“Oh… oh,” she says, sounding shell-shocked.
“Tam? Can you help?”
“Right, right… I’ll be down in two seconds.”
I hang up and hand the phone back to the driver. “She’s coming down.”
He gives me a sheepish smile. “Sorry, but can’t be too careful, ya know,” he says. “I’ve been fooled by a pretty face before.”
“I understand.”
“The prettier the face, the more careful you gotta be,” he continues. “My old man used to say that all the time. And you’ve got one of the prettiest faces I’ve ever seen.”
I give him a tight smile and look out the window just as Tamara rushes out of her building with a couple of dollar bills clutched in her palm.
“There she is,” I say, before jumping out of the cab.
Tamara looks at me like I have a second head sprouting out of my neck before hurrying over and paying the driver. Then she grabs my hand and pulls me back into her building.
The moment we step into the elevator and the doors close, she turns to me.
“What the fuck?!” she breathes.
I shake my head. “Where do I even start?”
“How about you start from the beginning?”
She reaches out and wipes something off my cheek. I turn my head to the side and catch my reflection in the mirrors that hang on either side of the elevator walls.

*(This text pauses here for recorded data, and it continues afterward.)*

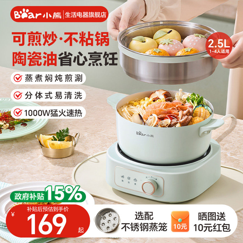 小熊电煮锅家用宿舍多功能小型分体式电火锅蒸锅电炒锅泡面小电锅
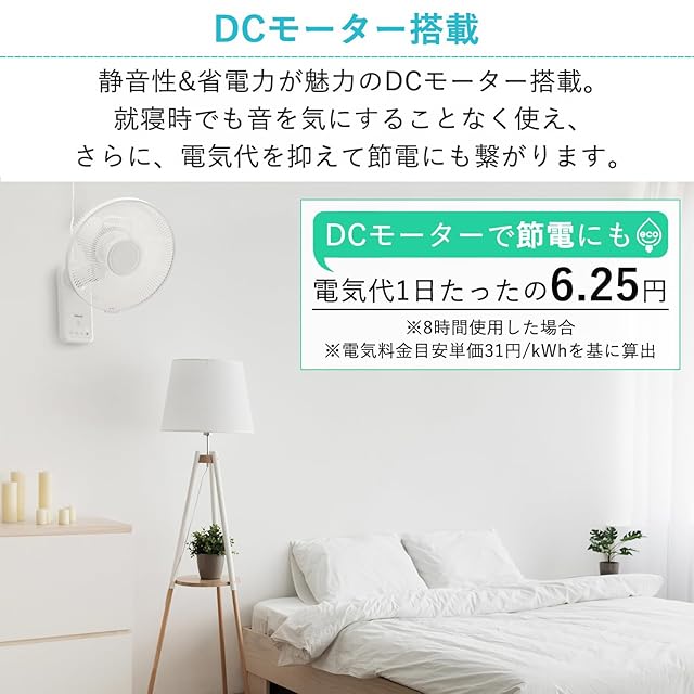 【壁掛け扇風機】壁面に設置して、限られたスペースの有効活用ができる壁掛け扇風機。消費電力が少なく節電に繋がるDCモーター搭載モデル。置き場所に困りがちな脱衣所・洗面所などで活躍します。リモコンが付属しているので、高い場所に設置しても操作は簡単です。
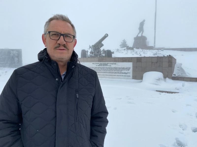 Yaklaşık yarım saatlik kar üstünde süren yolculuğundan ardından Başkan Çelik, zorlu ama bir o kadar da güzel yolculuk yaptıklarını söyledi. Gazeteciler de, tepedeki yoğun sise rağmen görüntü alarak, o tarihi manzarayı ölümsüzleştirmek istedi.

It’s enough to make me want to scream.
My eyes are huge and bloodshot, my cheeks look like they’ve hollowed in, and my hair is a dirty, matted mess that clings to the side of my face.
I’m half a ghost myself.
The elevator doors open on the sixth floor and I follow Tamara down the broad corridor, around the corner, and into her apartment.
I stop one step over the threshold. Tam realizes I’m frozen in place and turns around to face me.
“Esme?”
I don’t trust my voice. She wants an explanation for why I’m showing up at her doorstep unannounced and broke, looking like hell warmed over. She wants to know what happened. She wants me to start from the beginning.
But what was the beginning?
Was it when Artem had stormed the compound and murdered my entire household?
Was it when our paths had first crossed at The Siren four months before then?
Was it the day I was born into this horrible world?
I see the concern in Tamara’s eyes, pure and honest. That’s what unravels me.
I open my mouth to explain, but only a sob comes out.
And then I’m crying—full, hacking sobs that double me over and drain the breath from my lungs.
Tamara’s face crumples as she moves towards me and wraps her arms around me.